▶ **WHAT YOU SHOULD DO**:
Copy out exactly the lines spanning the line with "або постраждалого родича;" to the line with "今日北方市场冷轧基料3.0*", inclusive, from the data underneath, with no pictures.

╭─ MATERIAL TO PROCESS

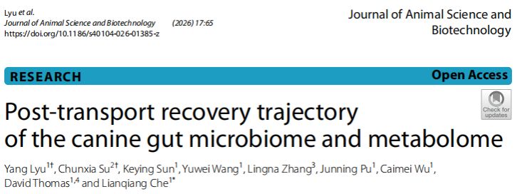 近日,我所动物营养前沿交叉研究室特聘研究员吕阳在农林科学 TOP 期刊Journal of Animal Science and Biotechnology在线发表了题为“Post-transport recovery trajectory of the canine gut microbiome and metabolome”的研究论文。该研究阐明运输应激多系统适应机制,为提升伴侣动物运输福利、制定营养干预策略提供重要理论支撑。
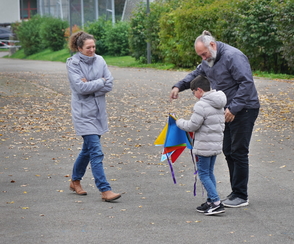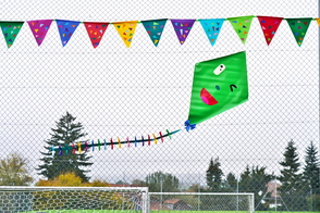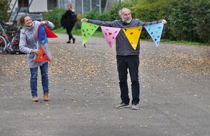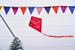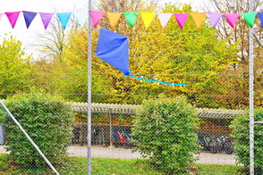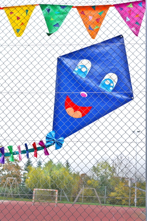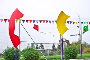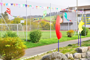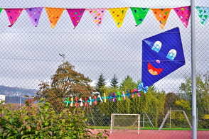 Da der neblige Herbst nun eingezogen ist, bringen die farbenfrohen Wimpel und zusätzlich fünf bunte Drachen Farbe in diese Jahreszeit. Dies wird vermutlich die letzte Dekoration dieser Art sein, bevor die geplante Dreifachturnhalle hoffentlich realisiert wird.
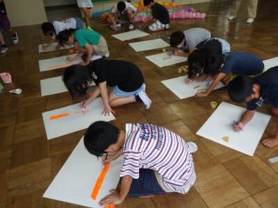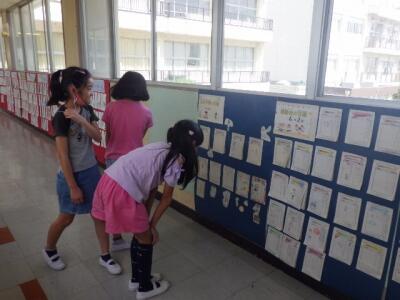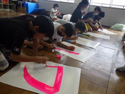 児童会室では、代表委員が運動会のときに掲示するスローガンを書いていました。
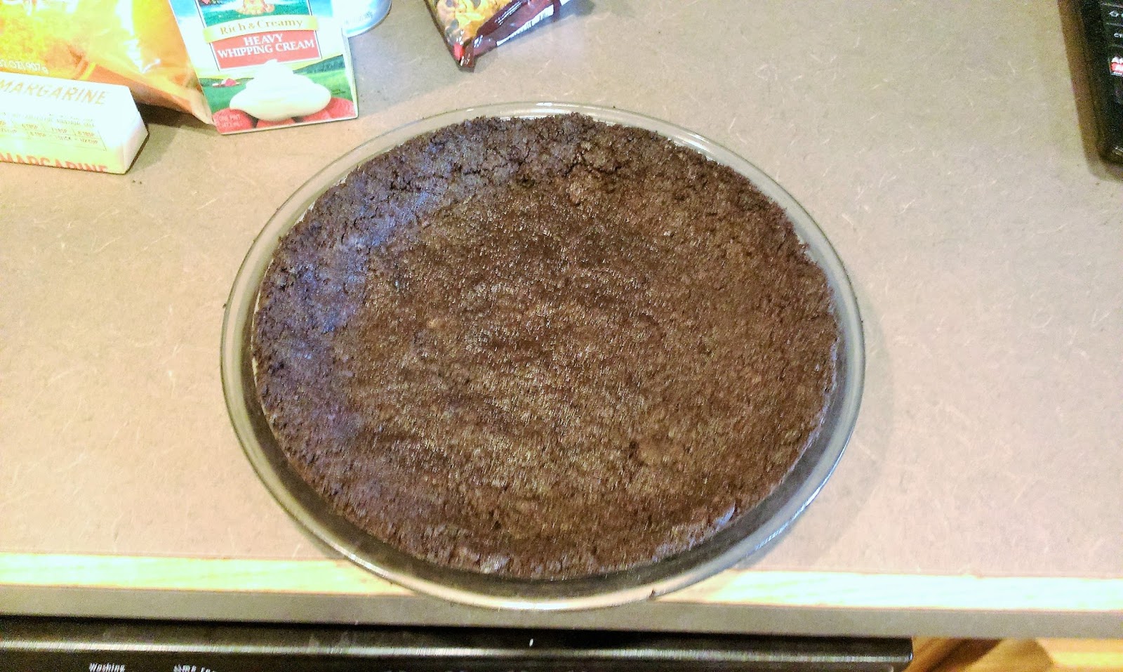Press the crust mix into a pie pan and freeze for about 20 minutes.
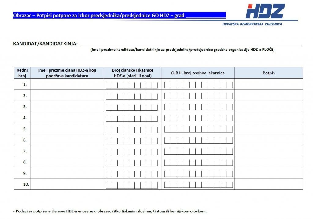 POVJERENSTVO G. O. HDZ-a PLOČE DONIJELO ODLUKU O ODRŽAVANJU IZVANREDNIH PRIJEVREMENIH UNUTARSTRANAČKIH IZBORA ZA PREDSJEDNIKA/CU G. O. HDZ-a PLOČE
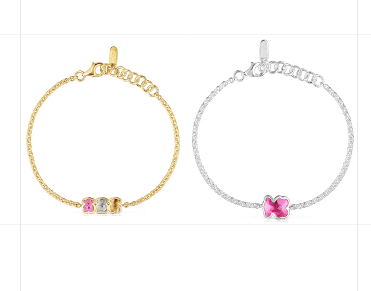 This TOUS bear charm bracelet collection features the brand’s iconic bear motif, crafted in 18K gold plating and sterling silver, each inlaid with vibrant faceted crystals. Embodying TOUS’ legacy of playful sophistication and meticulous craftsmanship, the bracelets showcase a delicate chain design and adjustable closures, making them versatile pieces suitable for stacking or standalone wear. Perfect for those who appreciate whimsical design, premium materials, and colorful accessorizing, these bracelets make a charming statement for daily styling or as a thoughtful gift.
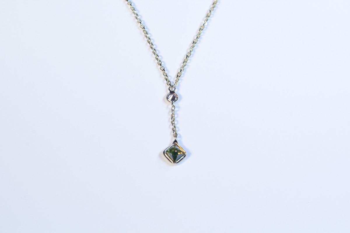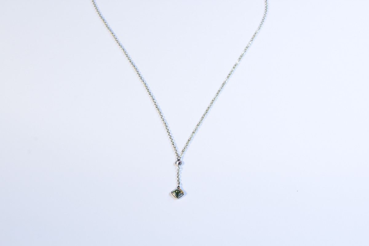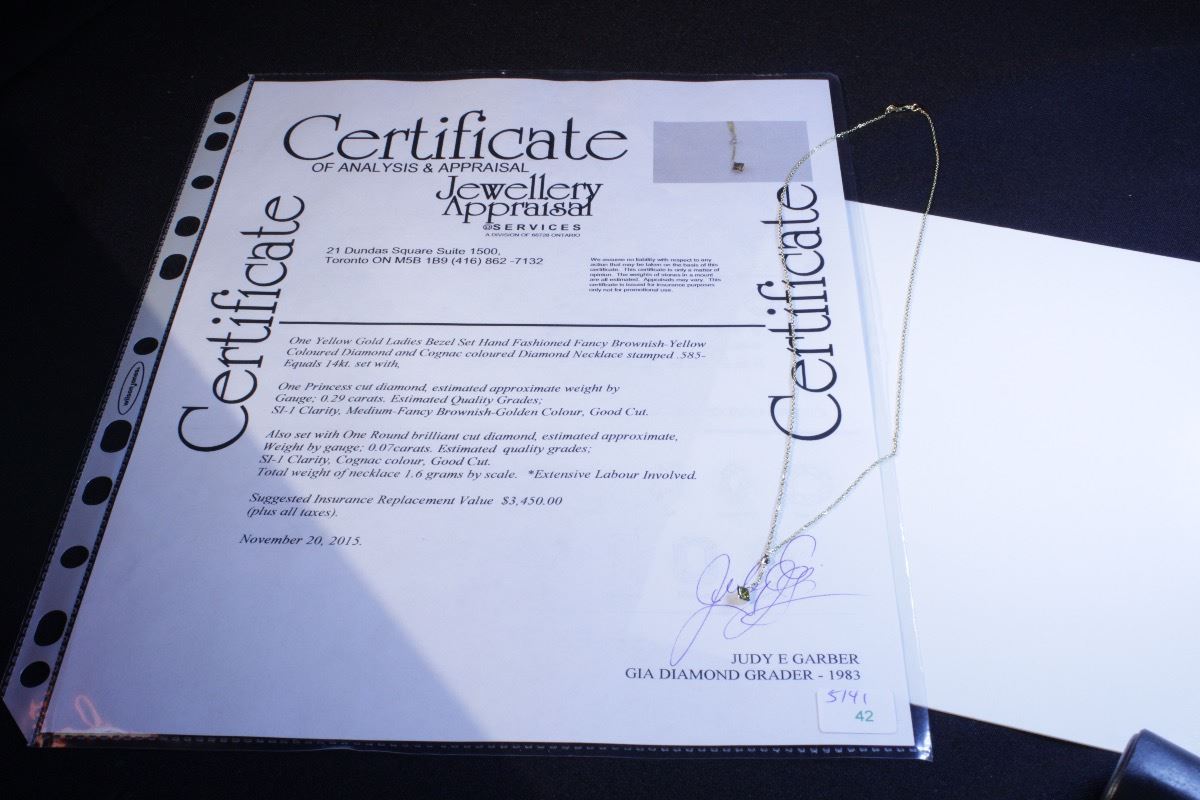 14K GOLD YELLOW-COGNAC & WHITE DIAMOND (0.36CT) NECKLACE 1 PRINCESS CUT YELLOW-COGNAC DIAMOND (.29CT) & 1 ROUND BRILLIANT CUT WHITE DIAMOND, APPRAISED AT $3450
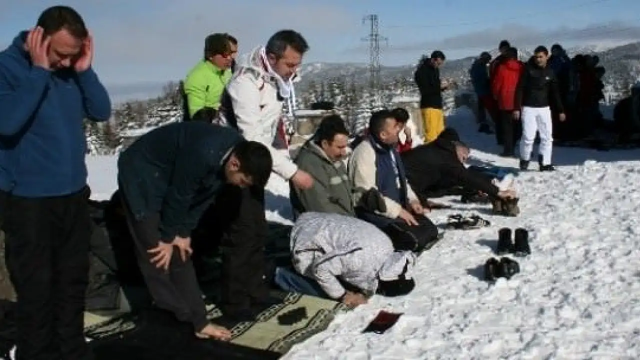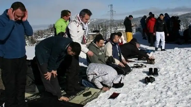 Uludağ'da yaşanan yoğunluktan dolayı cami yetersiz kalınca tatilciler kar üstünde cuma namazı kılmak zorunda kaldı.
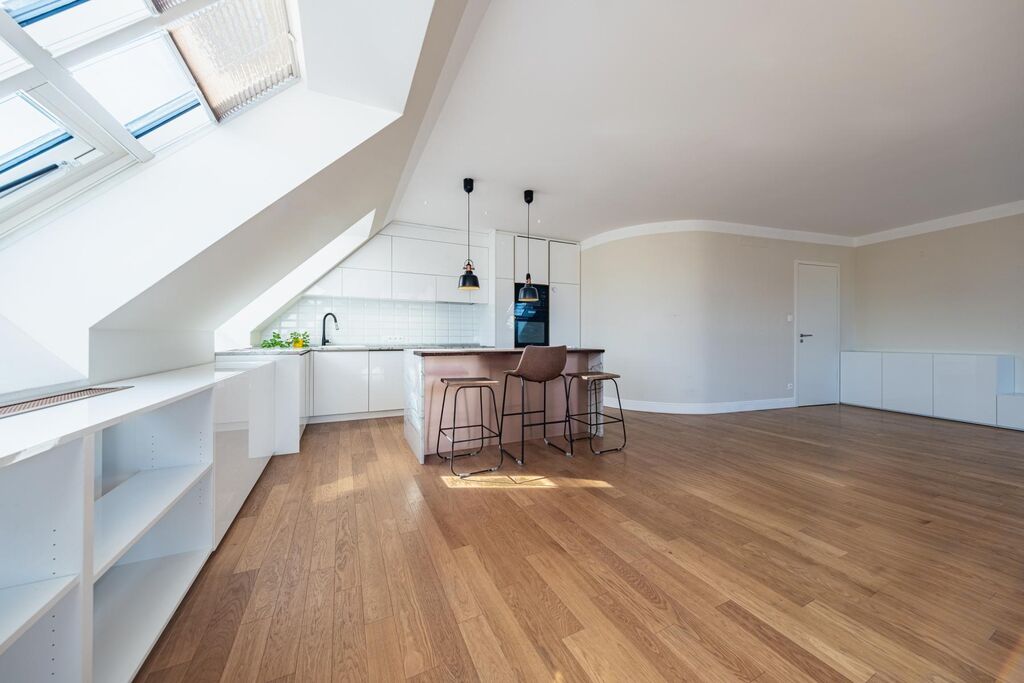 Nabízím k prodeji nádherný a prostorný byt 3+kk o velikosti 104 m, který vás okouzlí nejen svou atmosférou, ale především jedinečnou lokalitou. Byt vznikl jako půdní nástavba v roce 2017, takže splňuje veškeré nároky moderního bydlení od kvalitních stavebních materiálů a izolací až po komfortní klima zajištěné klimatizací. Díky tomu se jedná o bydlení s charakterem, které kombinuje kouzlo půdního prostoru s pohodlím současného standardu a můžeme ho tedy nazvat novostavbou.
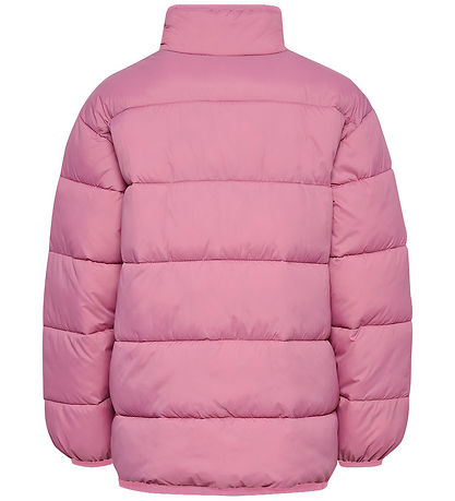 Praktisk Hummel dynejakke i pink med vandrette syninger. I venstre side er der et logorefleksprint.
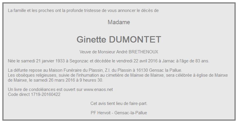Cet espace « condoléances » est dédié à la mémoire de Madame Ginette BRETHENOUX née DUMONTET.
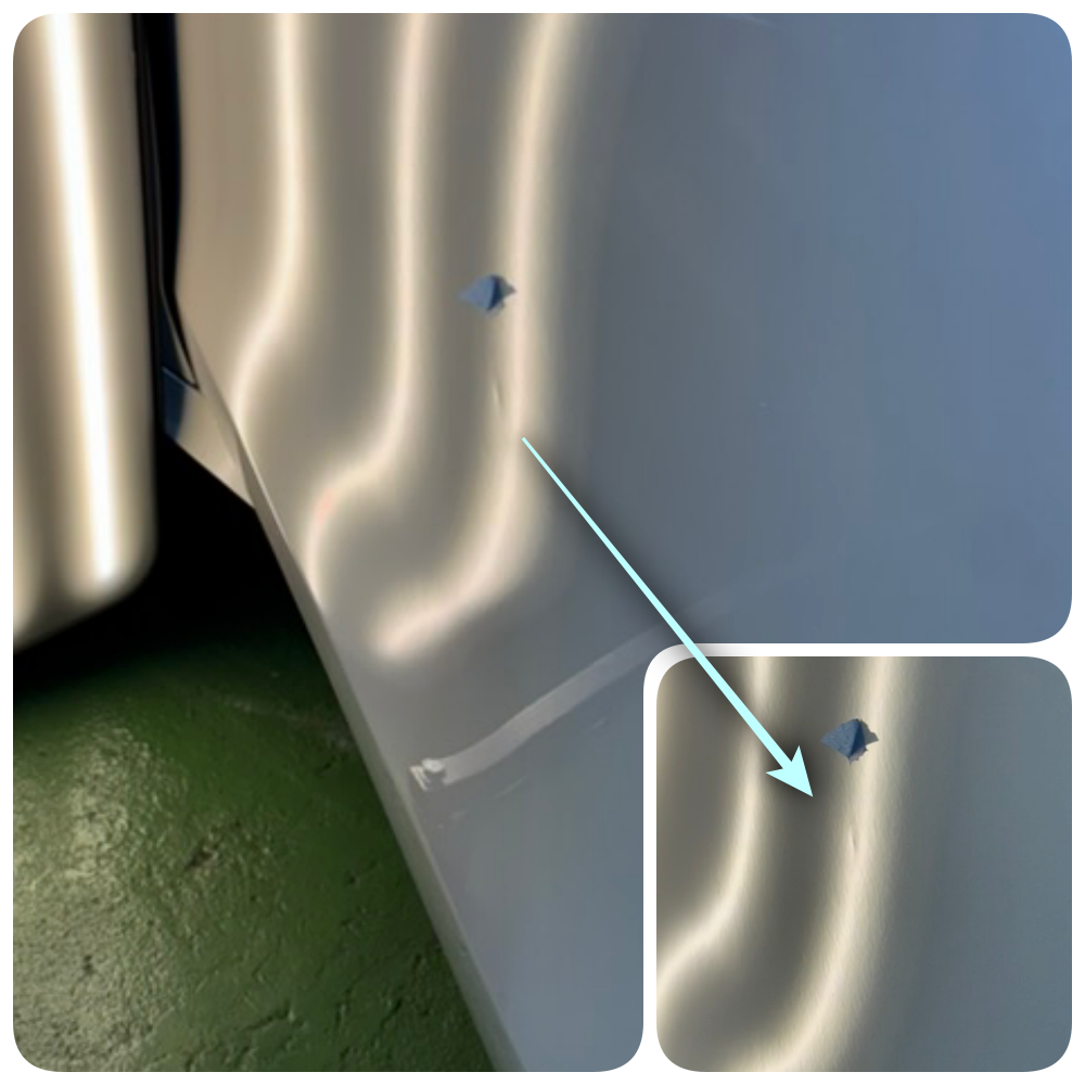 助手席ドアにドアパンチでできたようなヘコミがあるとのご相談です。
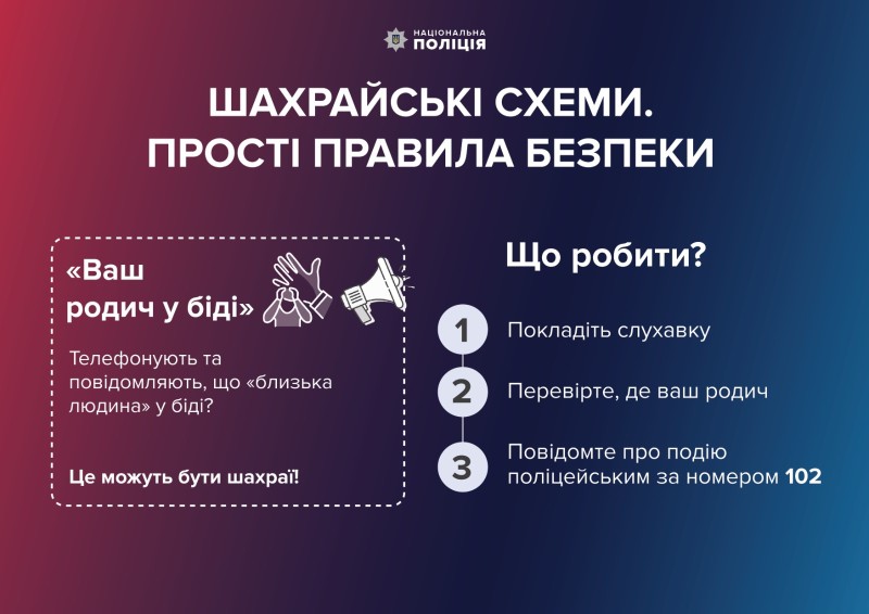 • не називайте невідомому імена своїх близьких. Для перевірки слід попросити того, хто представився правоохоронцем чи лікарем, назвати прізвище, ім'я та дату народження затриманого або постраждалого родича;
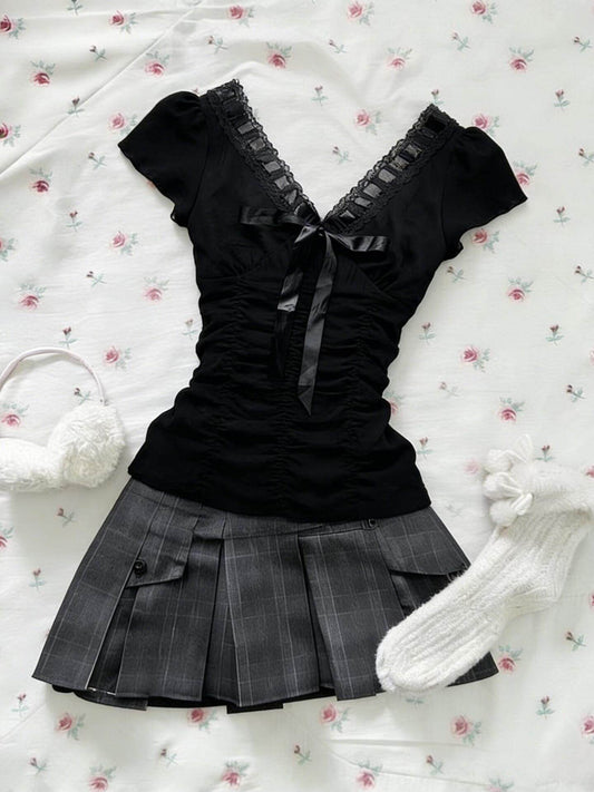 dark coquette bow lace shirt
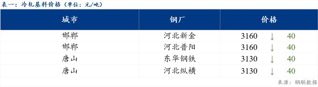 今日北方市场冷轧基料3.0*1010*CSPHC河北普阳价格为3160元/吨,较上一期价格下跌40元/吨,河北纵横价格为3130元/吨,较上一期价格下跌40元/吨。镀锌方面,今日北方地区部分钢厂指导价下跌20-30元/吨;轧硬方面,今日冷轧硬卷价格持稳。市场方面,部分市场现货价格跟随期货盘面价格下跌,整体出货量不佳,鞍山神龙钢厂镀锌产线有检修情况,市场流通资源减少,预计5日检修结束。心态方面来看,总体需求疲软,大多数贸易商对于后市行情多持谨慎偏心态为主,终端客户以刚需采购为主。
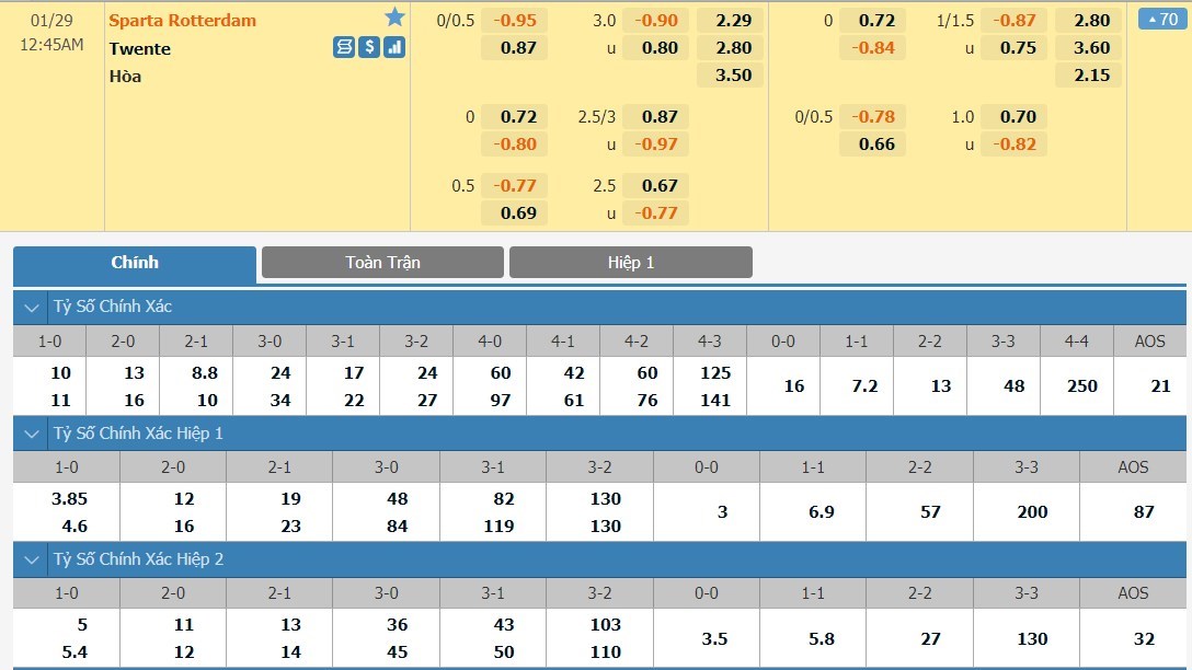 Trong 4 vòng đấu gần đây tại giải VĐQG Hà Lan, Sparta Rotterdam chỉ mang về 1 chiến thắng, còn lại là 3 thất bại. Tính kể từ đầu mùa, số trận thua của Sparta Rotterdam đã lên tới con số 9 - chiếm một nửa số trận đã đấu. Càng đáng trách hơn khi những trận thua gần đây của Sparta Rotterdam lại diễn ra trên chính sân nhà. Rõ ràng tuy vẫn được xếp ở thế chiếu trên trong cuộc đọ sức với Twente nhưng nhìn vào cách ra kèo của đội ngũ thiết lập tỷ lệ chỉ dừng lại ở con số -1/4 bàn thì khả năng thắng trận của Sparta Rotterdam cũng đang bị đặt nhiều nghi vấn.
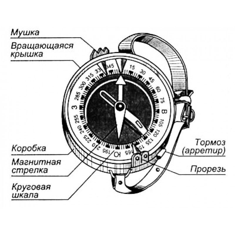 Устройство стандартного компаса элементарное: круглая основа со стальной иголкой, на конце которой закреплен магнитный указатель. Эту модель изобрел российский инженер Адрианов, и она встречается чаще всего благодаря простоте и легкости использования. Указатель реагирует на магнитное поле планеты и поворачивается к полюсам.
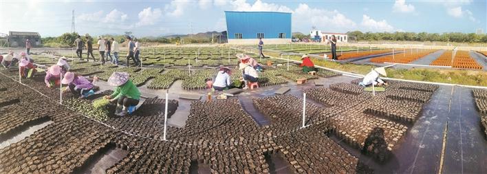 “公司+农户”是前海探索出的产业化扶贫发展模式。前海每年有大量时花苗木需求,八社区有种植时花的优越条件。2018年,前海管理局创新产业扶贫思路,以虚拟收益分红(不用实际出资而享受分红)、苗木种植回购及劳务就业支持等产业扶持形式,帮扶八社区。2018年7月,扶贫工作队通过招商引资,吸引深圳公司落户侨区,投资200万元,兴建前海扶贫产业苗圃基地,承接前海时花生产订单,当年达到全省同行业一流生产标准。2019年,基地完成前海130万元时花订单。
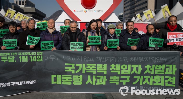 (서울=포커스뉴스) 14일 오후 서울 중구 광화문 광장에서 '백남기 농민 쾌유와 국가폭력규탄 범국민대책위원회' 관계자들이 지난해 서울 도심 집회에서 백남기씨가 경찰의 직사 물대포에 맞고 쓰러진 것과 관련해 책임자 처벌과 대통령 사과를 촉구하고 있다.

╰─

▶ **TASK RESULT**:
 • не називайте невідомому імена своїх близьких. Для перевірки слід попросити того, хто представився правоохоронцем чи лікарем, назвати прізвище, ім'я та дату народження затриманого або постраждалого родича;
 dark coquette bow lace shirt
 今日北方市场冷轧基料3.0*1010*CSPHC河北普阳价格为3160元/吨,较上一期价格下跌40元/吨,河北纵横价格为3130元/吨,较上一期价格下跌40元/吨。镀锌方面,今日北方地区部分钢厂指导价下跌20-30元/吨;轧硬方面,今日冷轧硬卷价格持稳。市场方面,部分市场现货价格跟随期货盘面价格下跌,整体出货量不佳,鞍山神龙钢厂镀锌产线有检修情况,市场流通资源减少,预计5日检修结束。心态方面来看,总体需求疲软,大多数贸易商对于后市行情多持谨慎偏心态为主,终端客户以刚需采购为主。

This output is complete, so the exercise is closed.